# Math Help - Trigonomtertic Identity help

1. ## Trigonomtertic Identity help

I need help proving the following trig identity: ( x stands for theta)
csc x -1 / cot x = cot x / csc x + 1

2. Originally Posted by mathmike
I need help solving the following trig identity: ( x stands for theta)
csc x -1 / cot x = cot x / csc x + 1
solving or proving? and do you mean $\displaystyle \frac {\csc x - 1}{\cot x} = \frac {\cot x}{\csc x + 1}$ ?

Hint: change everything to sines and cosines, and show you can simplify one side to get the other.

3. Hello, mathmike!

Are familiar with this identity and its variations?

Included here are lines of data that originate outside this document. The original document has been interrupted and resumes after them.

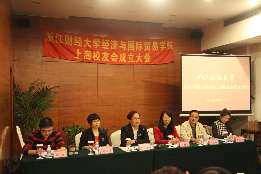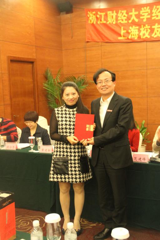 经济与国际贸易学院上海校友会章程》和首届理事会名单。黄建新副校长为经贸学院上海校友会会长、副会长颁发聘书,学院领导为经贸学院上海校友会进行授旗。经贸学院上海校友会会长黄伟伟代表发言,她用自己创造的“三首诗”表达了对校园生活的眷恋,对母校的感恩,对未来的美好憧憬,以及办好经贸学院上海校友会的决心。
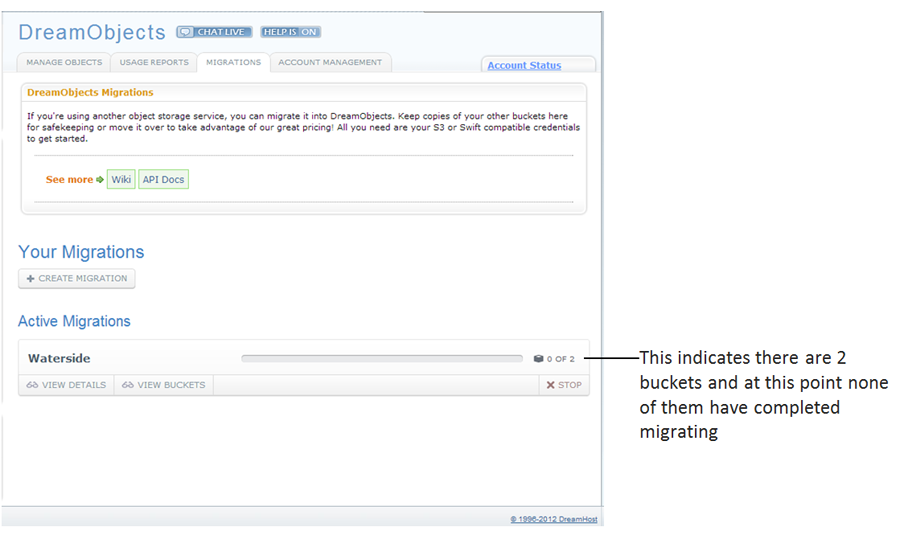Un Bucket es un mecanismo para agrupar objects en DreamObjects, similar a una carpeta. A diferencia de una carpeta, los buckets existen en un espacio de nombres global dentro de DreamObjects, lo que significa que los nombres de bucket deben ser únicos, al igual que un nombre de dominio, ya que se utilizan para crear URL públicas para almacenar objects.
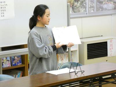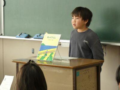 決勝戦では、全校の前で本の紹介をしました。なるべく原稿を見ることなく、顔をあげ、聞いている人に語り掛けるように話していました。
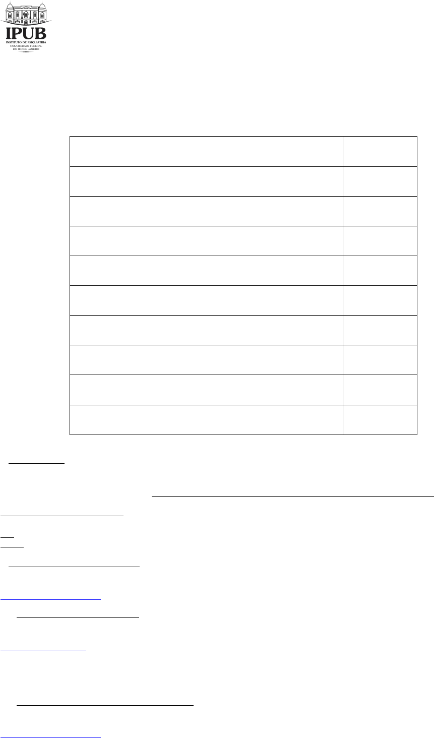 Instituto de Psiquiatria Universidade Federal do Rio de Janeiro Divisão de Ensino – Secretaria Acadêmica CNPJ Nº 33.663.683/0025-93 1 SELEÇÃO - 2022 CURSO DE ESPECIALIZAÇÃO EM PSIQUIATRIA RESULTADO DO RECURSO DA PROVA ESCRITA NOME EM ORDEM ALFABÉTICA PROVA ESCRITA 1. Ana Paula Gomes 8,00 2. Arlindo Marques Ferreira Junior 9,50 3. Aylla Meira Lima 9,00 4. Clara Aline de Oliveira Marinho 7,50 5. Filipe Paiva Rodrigues 7,00 6. Glauber França Henriques de Carvalho 9,50 7. Matheus Dias Coite 8,00 8. Naian Acá Oliveira Mathias 7,50 9. Rodrigo Netto Armando Rangel 7,00 8. DA PROVA ORAL O encontro para os candidatos ao curso, que realizarão a prova oral com a banca examinadora, será presencial e gravado no formato de audio, sem cortes, devidamente aferido pela UFRJ, quanto à idoneidade e confiabilidade. Previamente à gravação, o candidato deverá assinar e enviar, um termo de ciência e concordância de gravação. No caso de recusa da gravação pelo candidato, o mesmo assinará um termo de recusa. DATA DA PROVA ORAL - PRESENCIAL DIA: 22 de julho de 2022 – sexta-feira . Segue abaixo a tabela com a distribuição de horário. LOCAL: Auditório Icema Oliveira 9. DATA DO RESULTADO DA PROVA ORAL O resultado da prova oral será divulgado no 25/07/2022, após às 16:00 horas, no site do Instituto de Psiquiatria da UFRJ - www.ipub.ufrj.br/selecao2022 10.1 DATA DO RECURSO DA PROVA ORAL Os recursos relacionados à prova oral deverão ser enviados por escrito, no dia 26/07/2022, das 09 horas às 12 horas, para o e-mail cursoespeciz@ipub.ufrj.br, com as seguintes informações: o nome do candidato e a questão a ser contestada e o texto da contestação. Os recursos serão julgados tomando-se como referência a gravação no formato de audio, sem cortes, devidamente aferido pela UFRJ. Não serão aceitos recursos apresentados fora deste período. Os recursos serão julgados tomando-se como referência a bibliografia que consta no presente edital. 10.2 DATA DO RESULTADO DO RECURSO DA PROVA ORAL O resultado do recurso da prova oral será divulgado no 27/07/2022, após às 16:00 horas, no site do Instituto de Psiquiatria da UFRJ - www.ipub.ufrj.br/selecao2022. http://www.ipub.ufrj.br/selecao2022 mailto:academica@ipub.ufrj.br, http://www.ipub.ufrj.br Instituto de Psiquiatria Universidade Federal do Rio de Janeiro Divisão de Ensino – Secretaria Acadêmica CNPJ Nº 33.663.683/0025-93 1 DISTRIBUIÇÃO DO HORÁRIO DA PROVA ORAL SELEÇÃO DO CURSO DE ESPECIALIZAÇÃO – 2022 PSIQUIATRIA NOME EM ORDEM DE REALIZAÇÃO HORÁRIO DA PROVA 10. Ana Paula Gomes 09:00 11. Arlindo Marques Ferreira Junior 09:15 12. Aylla Meira Lima 09:30 13. Clara Aline de Oliveira Marinho 09:45 14. Filipe Paiva Rodrigues 10:00 15. Glauber França Henriques de Carvalho 10:15 16. Matheus Dias Coite 10:30 17. Naian Acá Oliveira Mathias 10:45 18. Rodrigo Netto Armando Rangel 11:00 HORA DE PROVA Secretaria Acadêmica, 20 de julho de 2022. APLICAÇÃO DA PROVAS - SELEÇÃO 2022 - Prova oral DIA HORÁRIO PROVA SALA 22/07/2022 A PARTIR 09:00 PSIQUIATRIA AUD. ICEMA DE OLIVEIRA

. $\csc^2\!\theta \:=\:\cot^2\!\theta + 1 \quad\Rightarrow\quad \csc^2\!\theta -1\:=\:\cot^2\!\theta \quad\Rightarrow \quad \csc^2\!\theta - \cot^2\!\theta \:=\:1$

Prove: . $\dfrac{\csc x -1}{\cot x} \:=\: \dfrac{\cot x}{\csc x + 1}$

The right side is: . $\dfrac{\cot x}{\csc x + 1}$

Multiply by $\frac{\csc x - 1}{\csc x - 1}\!:\;\;\dfrac{\cot x}{\csc x + 1}\cdot\dfrac{\csc x - 1}{\csc x - 1} \;=\; \dfrac{\cot x(\csc x - 1)}{\csc^2\!x - 1}$

. . . . . . . . . . . . $=\;\dfrac{\cot x(\csc x-1)}{\cot^2\!x} \;=\;\dfrac{\csc x - 1}{\cot x}$